My Lords, I will speak to these amendments, although sitting next to me is my noble friend Lord Tope, in whose name Amendment 14ZA stands. I hope the noble Lord, Lord McKenzie, will confirm that we have already dealt with the collaborative basis and the fact of buying centrally. Even I was a late adherent to this, but I think we agree that in one form or another that is the way to go forward, however it can be arranged, although there were numerous alternatives. As the noble Earl, Lord Lytton, has said, there are going to be significant savings, which is something that we cannot ignore.
I have one question about a sentence in Amendment 14ZA on the appointment of a new auditor, or the re-appointment of an existing auditor, to,
“audit its accounts for a financial year not later than 31 December in the preceding financial year”.

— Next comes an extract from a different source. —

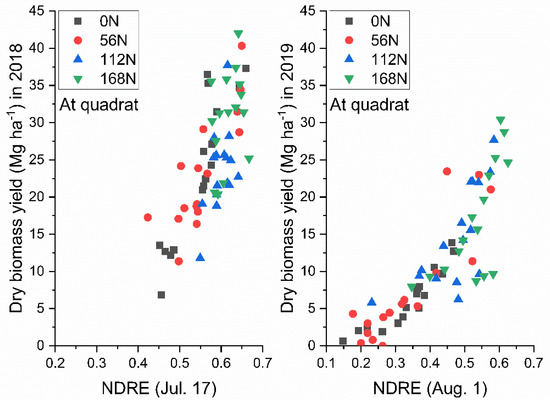 Nevertheless, the regression between VIs and biomass yields shows that mid-summer-growing-season (mid-July to August) measurements of NDRE provide a more consistent prediction of FM and DM yield of Miscanthus (ranged from 0.86 R2 to 0.97 R2). Studies have found that VIs reflecting peak greenness, collected from late June to early August, are most effective in forecasting crop yield [48,49,50]. Coefficient-of-determination values show that generally, mid-July to early August provides the best forecast of Miscanthus FM and DM. These results contrast with those reported by Li et al. [28] and Li et al. [51], who found that NDRE alone produced poorer forecasts of both switchgrass and sorghum yield relative to other indices, including NDVI. However, both studies used UAV images obtained late in the growing season (August to November), and the authors ultimately concluded that including other phenotypic traits in the regressions might improve their performance. Since Miscanthus usually achieves maximum growth in central Illinois in September [38], our findings suggest that NDRE is sensitive to differences in plant vigor due to N treatment during periods of peak Miscanthus growth (Figure 7). These findings also highlight the importance of mid-July to early August phenotypic measurements as indicators of potential DM yields of Miscanthus.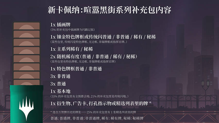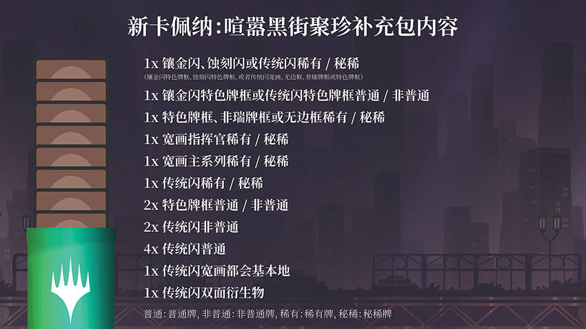 - 10张普通牌(在33%的新卡佩纳:喧嚣黑街轮抽补充包中,一张任意稀有度的传统闪牌会替代一张普通牌。)

Both the Bill and the amendment say that that appointment should be made not later than 31 December in the preceding year. I cannot work this out in practical terms. Let us say that KPMG is the auditor of a local authority or group of local authorities; it has not finished its accounts and the accounts will not be signed off until, at the earliest, the end of January the following year. That company could be under notice, according to the amendments, that it may not be, or could not be, the auditor for the ensuing year. While KMPG is finishing off its audit—the accounts will not have been finished and signed off by the relevant person in the local authority, who in my local authority is me, so I am told; I have done it three years in a row—a new auditor, PricewaterhouseCoopers, perhaps, will have been appointed.
I worry about how that will affect the mindset of the auditor who is being replaced. Enshrining within the Bill that the auditor has to be appointed by 31 December within that year will cause moral, and sometimes practical, difficulties. Perhaps the Minister will take this issue back and consider whether the wording should be “could be appointed by 31 December” or “as soon as possible by that date”. I worry how the changeover, if there be a changeover, will affect the performance of the outgoing auditor.